I’ve also experienced multiple people recently lie directly to me and four or five seconds later, have no memory of having done or said anything to me. They carry on as if they hadn’t lied at all and I’ve been left standing there trying to figure out what the hell was happening and why. Then another X-class solar flare would happen and things started making more sense.
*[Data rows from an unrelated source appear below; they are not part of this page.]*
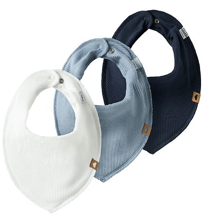 Les bavoirs Classic Name It sont vendus dans un 3 Pack, qui comprend un en blanc, un bleu clair cendré et un bleu marine.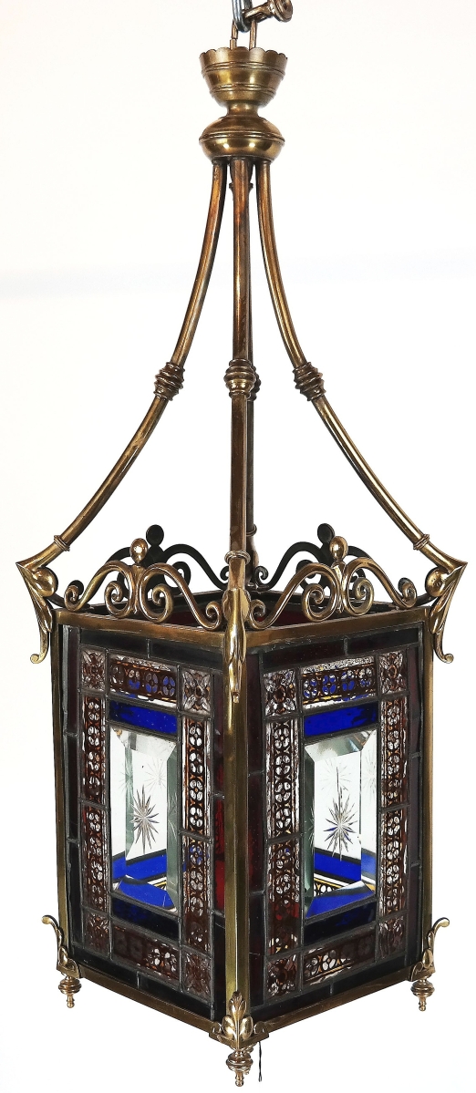 Fetching $10,000 was a Victorian brass and stained glass hall lantern, and selling for $8,750 a pair of palatial gilt and silvered bronze candelabra, each having seven arms around a center candle post on a Corinthian column base, also lit up action in the gallery.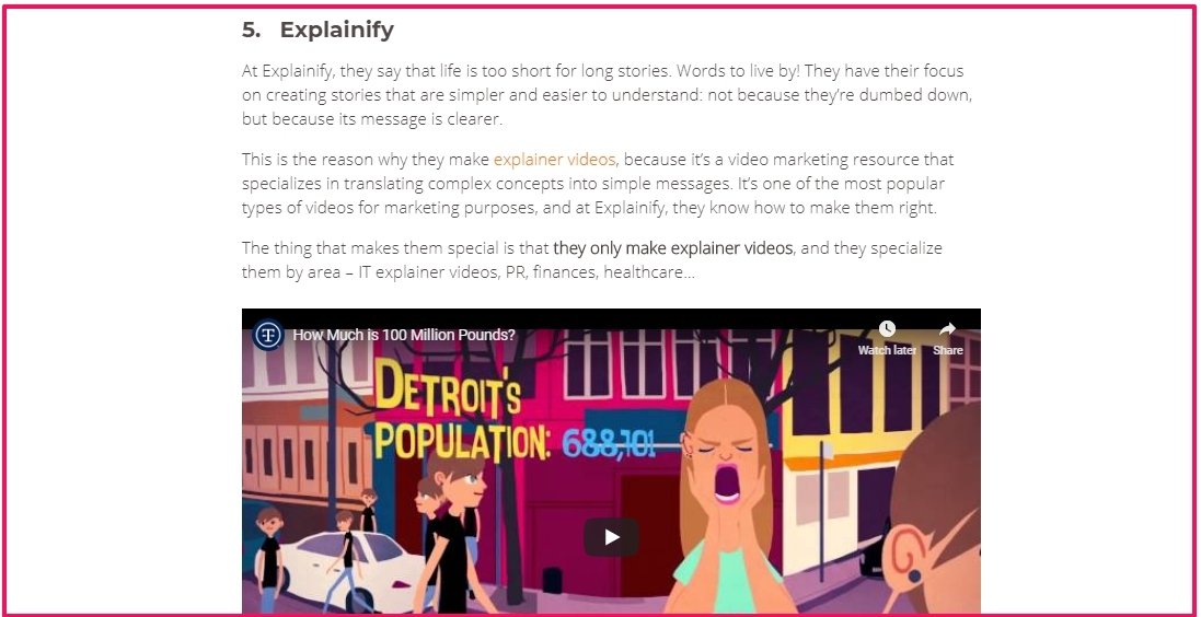 They could have simply listed each company, but they chose to embed one video for every subheading, which drastically improved the readability of the content and the average time on page.

The “regular” folk are being effected by and are dealing with these NEW higher energies in their own ways, at their own levels and ability and we’ve all got to have patience and plenty of heart with them and ourselves as we all live through these difficult, trying times of great change.

Another big thing I’ve personally discovered about these current transitional Mad Max times of ‘ocscillation’ is that one MUST now, absolutely, with no more excuses, delays, or BS of self or others rest, sleep, nap, get out-of body, “meditate” etc. and self-care like never before. Period.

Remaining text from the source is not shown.